Both in the analysis of feeding rate and carers’ alternation, six breeding males, six breeding females and two helping male offspring were sampled twice in different years, and one breeding male, two breeding females, one helping male immigrant, one helping male offspring and one helping female offspring three times. We retained them in the sample because, in all cases, they were observed in groups of different composition. In any case, their exclusion did not qualitatively change the results presented.

Reproductive success was measured as the number of chicks that survived until fledging. We collected data of 989 reproductive attempts in 125 territories during 1995–2021. Nestlings were measured when the eldest of the brood (hatching is asynchronous in crows, causing differences between 1 and 4 days among siblings; [24] was about to leave the nest, at the age of 28 – 30 days. Nestling body condition was quantified by dividing body mass by tarsus length, which is suitable lineal measure of structural size [60]. This index correlates with post-fledging survival in crows [90] and allows simplifying the statistical models, because it accounts for differences in body size due to sex and age. The sample comprised 901 chicks in 375 broods during the breeding seasons 1995–2021.

The Spanish National Agency of Meteorology (AEMET) provided data on hourly temperatures (in Celsius degrees) and daily rainfalls (mm) for the whole sampled period, collected at the weather station “Virgen del Camino”, located 11 km away from our study area.

Statistical analyses

All data were analysed with Mixed Models with R 4.1.1. [73] with lme4 package [10]. Normality of DARMHa scaled residuals, heteroscedasticity and outliers were checked with the package DARMHa [54], while multicollinearity between fixed factors was tested by computing variance inflation factors (VIFs) with the package performance [62]. The model significance test (Omnibus test) was performed by comparing the model of interest with the null model (without predictors) by means of Akaike’s Information Criterion values (AICc) [19], preserving the same structure of the random part. All models were fitted with random intercept fixed slopes, which always provided the best fit.

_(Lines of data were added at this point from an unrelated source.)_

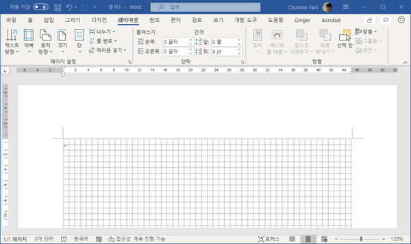 그런데 기본적으로는 가로선만 나타나고 세로선이 나타나지 않아서 모눈종이와 같은 효과를 적용할 수 없다.
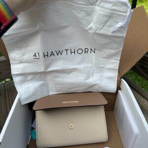 This is a 41 Hawthorn Jasmine Wallet. They consider it a crossbody bag. The shade is a light beige to tan with a rose gold 41 Hawthorn emblem. The tag says Stitch fix and it sells on their site for $45. This was sent to me by another Posher. There is a dust cover bag folded inside this bag to protect it. The chain is a gold and leather detail looking chain. There is protective foam and paper still inside the bag. This is not something I would use so I'm passing it on to somebody who can use it. Make me any reasonable offer, and I will accept.
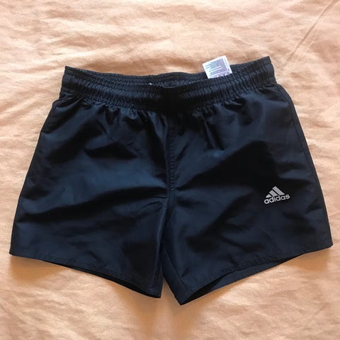 Adidas poikien shortsit, koko 140. Väri musta, sivuilla valkoiset raidat ja lahkeessa punainen Adidas-logo. Materiaali polyesteriä. Sopivat arki- ja urheilukäyttöön.
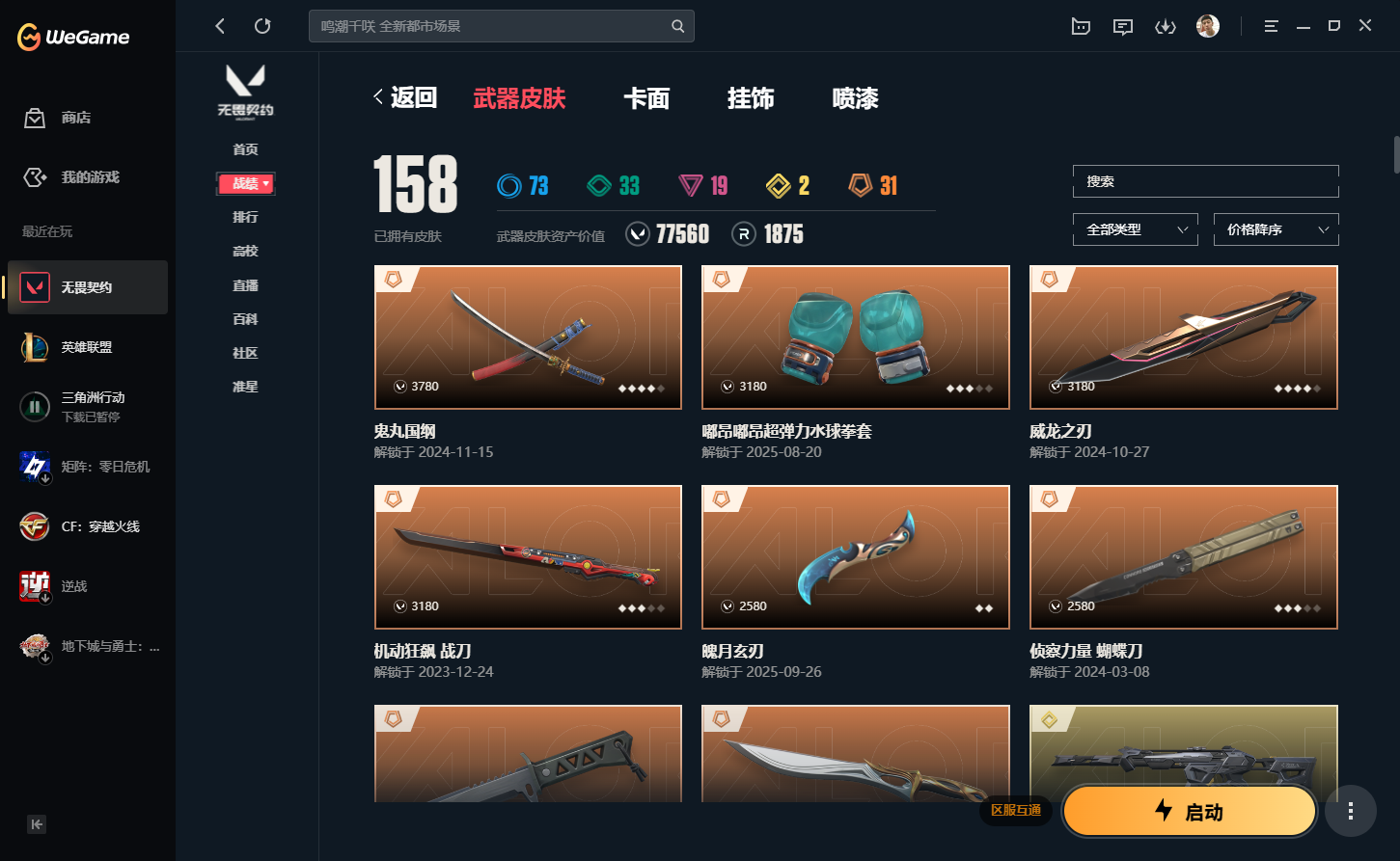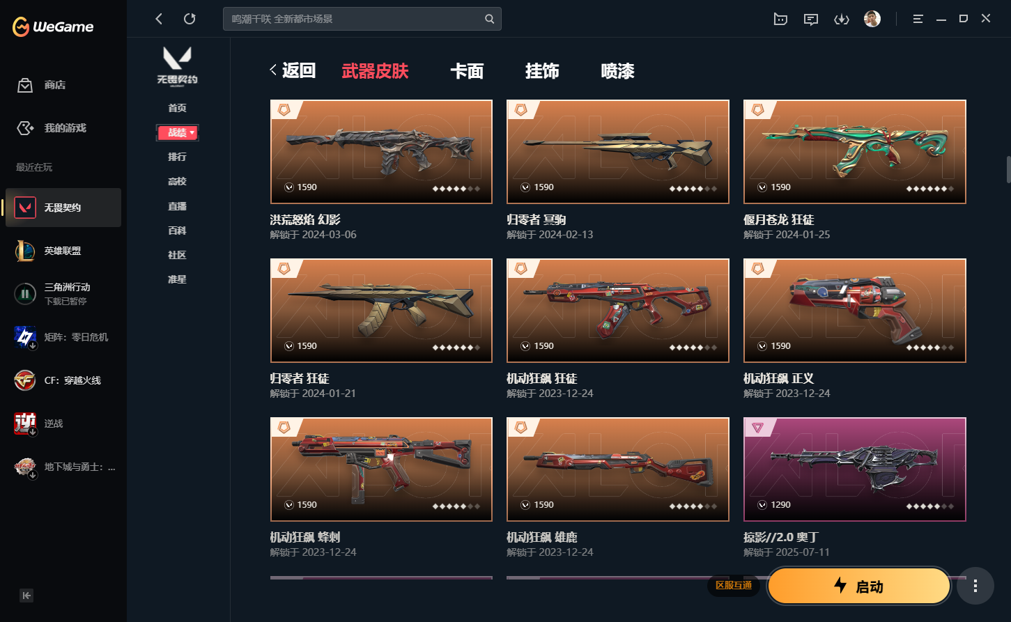 wegame无畏契约★皮肤数量158 限定31 尊爵19 机动狂飙套装 归零者狂徒 奇点战神 末日泡泡幻影 更多精品皮肤等你来使用

First, to test the effect of weather on crow provisioning rate, we built the data set by establishing three daytime periods, each comprising 5 hours (from 0500 to 1000 hours UTC; from 1001 to 1500, and from 1501 to 2000). Individual feedings rates were calculated as the number of feeds per hour delivered by a carer within a given daytime period. We used a Linear Mixed Model (LMM) fitted by Restricted Maximum Likelihood (REML) to analyse these data. The Box-Cox transformation [14] of the response term (frequency of feeds) improved the normality of the model residuals. The model included group size, chicks age, laying Julian date of the first egg of the clutch (taking first of march as reference), brood size, individual category, daytime period, average hourly air temperature for the corresponding daytime period, and number of days since the last rain as explanatory terms, as well as individual ID nested into group ID as random term to control for repeated measures. To detect possible differences among social categories of carers in their response to meteorology, we run a second model fitting two interactions, i.e., social category * temperature and social category *days since last rain. If significant, post hoc multiple comparisons across different categories of group members were performed with Package Phia using “Test Interactions” with X² test and p values adjusted by Holm’s method [35].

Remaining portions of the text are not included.